» PROBLEM TO SOLVE:
The reply must repeat the listing below exactly and carry none of its pictures.

» GIVEN DATA:
================
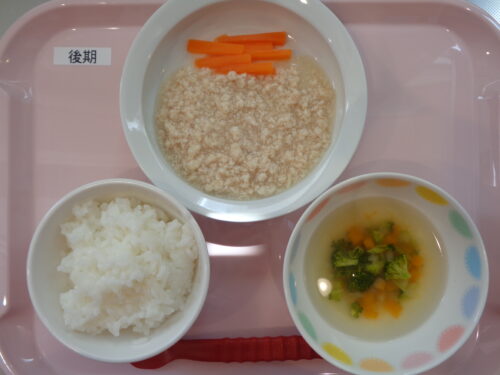 ・七倍粥 ・鶏肉の煮物 ・ブロッコリーのスープ
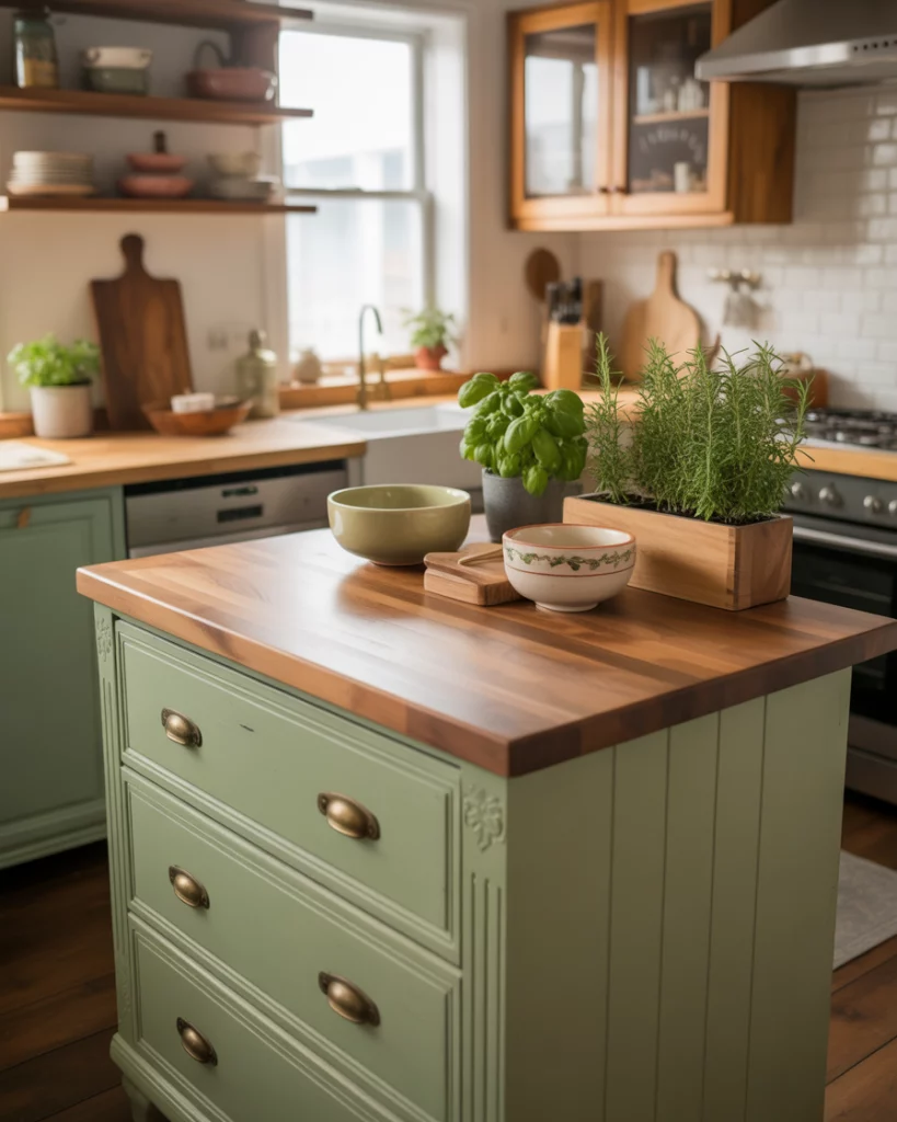 A clever, easy DIY transformation using a repurposed dresser or console creates a one-of-a-kind island. The character of existing furniture paired with fresh paint brings charm to small kitchens where creativity solves tight layouts. Add casters or a top overhang for added function. Many repurposed islands start under $100, especially when sourced from thrift shops or Facebook Marketplace—an accessible way to personalize your kitchen.
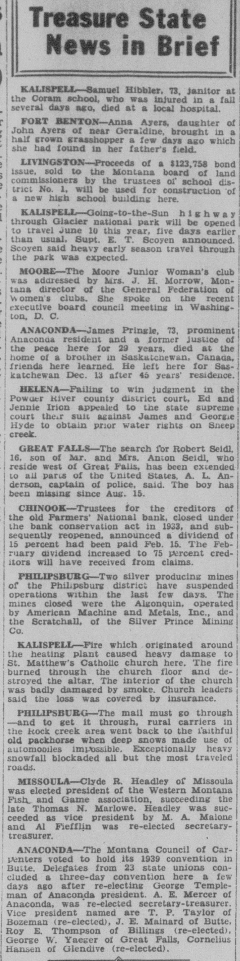 Treasure State News in Brief KALISPELL-Samuel Hibbler. 73, janitor at the Coram school, who was injured in a fall several days ago, died at a local hospital. FORT BENTON-Anna Ayers, daughter of John Ayers of near Geraldine, brought in a half grown grasshopper a few days ago which she had found in her father's field. LIVINGSTON-Proceeds of a $123,758 bond issue, sold to the Montana board of land commissioners by the trustees of school district No. 1, will be used for construction of a new high school building here. KALISPELL-Going-to-the-Sun highway through Glacier national park will be opened to travel June 10 this year, five days earlier than usual. Supt. E. T. Scoyen announced. Scoyen said heavy early season travel through the park was expected. MOORE-The Moore Junior Woman's club was addressed by Mrs. J. H. Morrow, Montana director of the General Federation of women's clubs. She spoke on the recent executive board council meeting in Washington, D. C. ANACONDA-James Pringle, 73, prominent Anaconda resident and a former justice of the peace here for 29 years, died at the home of a brother in Saskatchewan, Canada, friends here learned. He left here for Saskatchewan Dec. 13 after 45 years' residence. HELENA-Failing to win judgment in the Powder River county district court, Ed and Jennie Irion appealed to the state supreme court their suit against James and Georgie Hyde to obtain prior water rights on Sneep creek. GREAT FALLS-The search for Robert Seidl, 16. son of Mr. and Mrs. Anton Seidl, who reside west of Great Falls, has been extended to all parts of the United States, A. L. Anderson, captain of police, said. The boy has been missing since Aug. 15. CHINOOK-Trustees for the creditors of the old Farmers' National bank, closed under the bank conservation act in 1933, and subsequently reopened, announced a dividend of 15 percent had been paid Feb. 15. The February dividend increased to 75 percent creditors will have received from claims. PHILIPSBURG-Two silver producing mines of the Philipsburg district have suspended operations within the last few days. The mines closed were the Algonquin, operated by American Machine and Metals, Inc., and the Scratchall, of the Silver Prince Mining Co. KALISPELL-Fire which originated around the heating plant caused heavy damage to St. Matthew's Catholic church here. The fire burned through the church floor and destroyed the altar. The interior of the church was badly damaged by smoke. Church leaders said the loss was covered by insurance. PHILIPSBURG-The mail must go through -and to get it through, rural carriers in the Rock creek area went back to the faithful old packhorse when deep snows made use of automobiles impossible. Exceptionally heavy snowfall blockaded all but the most traveled roads. MISSOULA-Clyde R. Headley of Missoula was elected president of the Western Montana Fish, and Game association, succeeding the late Thomas N. Marlowe. Headley was succeeded as vice president by M. A. Malone and Al Fiefflin was re-elected secretarytreasurer. ANACONDA-The Montana Council of Carpenters voted to hold its 1939 convention in Butte. Delegates from 23 state unions concluded a three-day convention here a few days ago after re-electing George Templeman of Anaconda president. A. E. Mercer of Anaconda, was re-elected secretary-treasurer. Vice president named are T. P. Taylor of Bozeman (re-elected), J. E. Mainard of Butte, Roy E. Thompson of Billings (re-elected), George W. Yaeger of Great Falls, Cornelius Hansen of Glendive (re-elected).
================
» EXPECTED ANSWER:
 ・七倍粥 ・鶏肉の煮物 ・ブロッコリーのスープ
 A clever, easy DIY transformation using a repurposed dresser or console creates a one-of-a-kind island. The character of existing furniture paired with fresh paint brings charm to small kitchens where creativity solves tight layouts. Add casters or a top overhang for added function. Many repurposed islands start under $100, especially when sourced from thrift shops or Facebook Marketplace—an accessible way to personalize your kitchen.
 Treasure State News in Brief KALISPELL-Samuel Hibbler. 73, janitor at the Coram school, who was injured in a fall several days ago, died at a local hospital. FORT BENTON-Anna Ayers, daughter of John Ayers of near Geraldine, brought in a half grown grasshopper a few days ago which she had found in her father's field. LIVINGSTON-Proceeds of a $123,758 bond issue, sold to the Montana board of land commissioners by the trustees of school district No. 1, will be used for construction of a new high school building here. KALISPELL-Going-to-the-Sun highway through Glacier national park will be opened to travel June 10 this year, five days earlier than usual. Supt. E. T. Scoyen announced. Scoyen said heavy early season travel through the park was expected. MOORE-The Moore Junior Woman's club was addressed by Mrs. J. H. Morrow, Montana director of the General Federation of women's clubs. She spoke on the recent executive board council meeting in Washington, D. C. ANACONDA-James Pringle, 73, prominent Anaconda resident and a former justice of the peace here for 29 years, died at the home of a brother in Saskatchewan, Canada, friends here learned. He left here for Saskatchewan Dec. 13 after 45 years' residence. HELENA-Failing to win judgment in the Powder River county district court, Ed and Jennie Irion appealed to the state supreme court their suit against James and Georgie Hyde to obtain prior water rights on Sneep creek. GREAT FALLS-The search for Robert Seidl, 16. son of Mr. and Mrs. Anton Seidl, who reside west of Great Falls, has been extended to all parts of the United States, A. L. Anderson, captain of police, said. The boy has been missing since Aug. 15. CHINOOK-Trustees for the creditors of the old Farmers' National bank, closed under the bank conservation act in 1933, and subsequently reopened, announced a dividend of 15 percent had been paid Feb. 15. The February dividend increased to 75 percent creditors will have received from claims. PHILIPSBURG-Two silver producing mines of the Philipsburg district have suspended operations within the last few days. The mines closed were the Algonquin, operated by American Machine and Metals, Inc., and the Scratchall, of the Silver Prince Mining Co. KALISPELL-Fire which originated around the heating plant caused heavy damage to St. Matthew's Catholic church here. The fire burned through the church floor and destroyed the altar. The interior of the church was badly damaged by smoke. Church leaders said the loss was covered by insurance. PHILIPSBURG-The mail must go through -and to get it through, rural carriers in the Rock creek area went back to the faithful old packhorse when deep snows made use of automobiles impossible. Exceptionally heavy snowfall blockaded all but the most traveled roads. MISSOULA-Clyde R. Headley of Missoula was elected president of the Western Montana Fish, and Game association, succeeding the late Thomas N. Marlowe. Headley was succeeded as vice president by M. A. Malone and Al Fiefflin was re-elected secretarytreasurer. ANACONDA-The Montana Council of Carpenters voted to hold its 1939 convention in Butte. Delegates from 23 state unions concluded a three-day convention here a few days ago after re-electing George Templeman of Anaconda president. A. E. Mercer of Anaconda, was re-elected secretary-treasurer. Vice president named are T. P. Taylor of Bozeman (re-elected), J. E. Mainard of Butte, Roy E. Thompson of Billings (re-elected), George W. Yaeger of Great Falls, Cornelius Hansen of Glendive (re-elected).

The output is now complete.